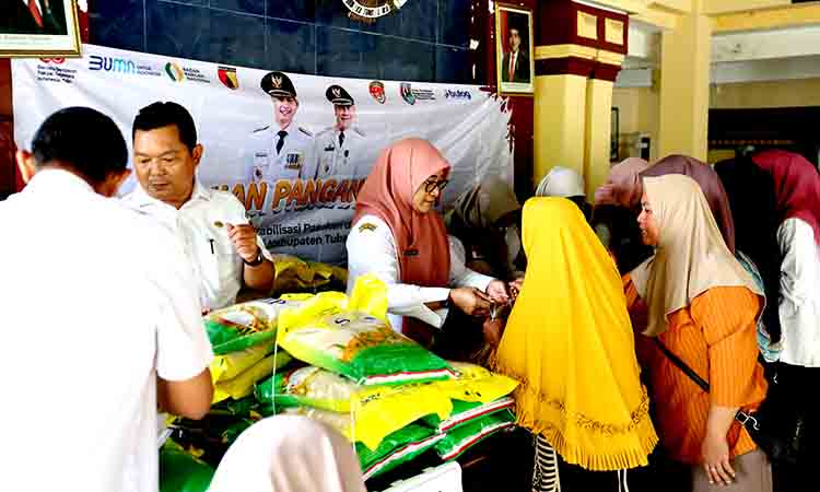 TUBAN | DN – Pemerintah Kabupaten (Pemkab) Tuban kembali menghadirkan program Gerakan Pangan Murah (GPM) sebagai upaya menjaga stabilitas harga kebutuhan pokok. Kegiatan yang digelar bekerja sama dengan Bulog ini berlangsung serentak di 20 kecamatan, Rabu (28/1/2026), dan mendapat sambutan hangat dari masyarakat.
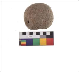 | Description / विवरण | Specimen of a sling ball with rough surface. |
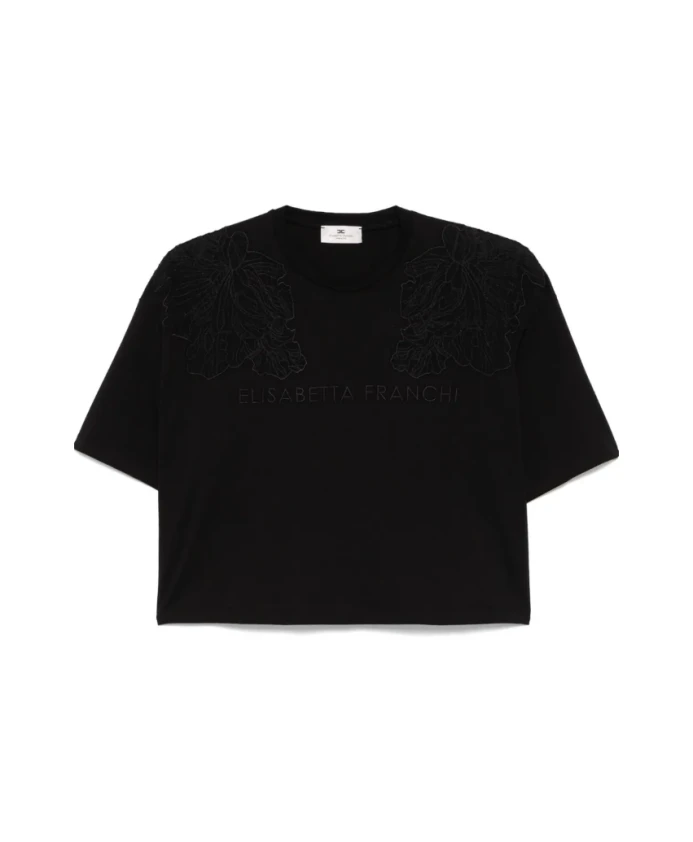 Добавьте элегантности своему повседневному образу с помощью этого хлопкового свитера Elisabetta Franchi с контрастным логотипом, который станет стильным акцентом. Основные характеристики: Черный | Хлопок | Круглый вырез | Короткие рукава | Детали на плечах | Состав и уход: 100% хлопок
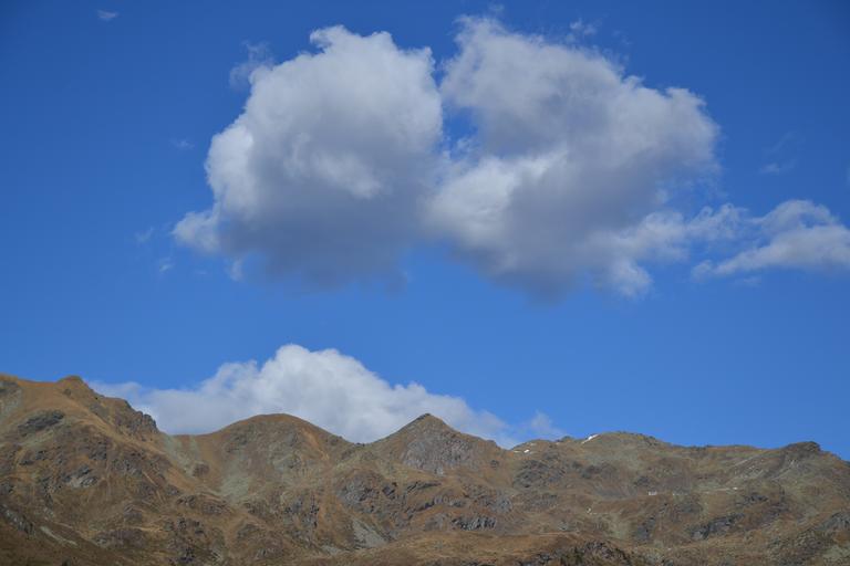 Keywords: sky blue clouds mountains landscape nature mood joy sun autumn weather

● ● ● ● ● ● ●

*Assigned task*.
The material above is to be repeated word for word, with no images kept.

*Task response*.
 TUBAN | DN – Pemerintah Kabupaten (Pemkab) Tuban kembali menghadirkan program Gerakan Pangan Murah (GPM) sebagai upaya menjaga stabilitas harga kebutuhan pokok. Kegiatan yang digelar bekerja sama dengan Bulog ini berlangsung serentak di 20 kecamatan, Rabu (28/1/2026), dan mendapat sambutan hangat dari masyarakat.
 | Description / विवरण | Specimen of a sling ball with rough surface. |
 Добавьте элегантности своему повседневному образу с помощью этого хлопкового свитера Elisabetta Franchi с контрастным логотипом, который станет стильным акцентом. Основные характеристики: Черный | Хлопок | Круглый вырез | Короткие рукава | Детали на плечах | Состав и уход: 100% хлопок
 Keywords: sky blue clouds mountains landscape nature mood joy sun autumn weather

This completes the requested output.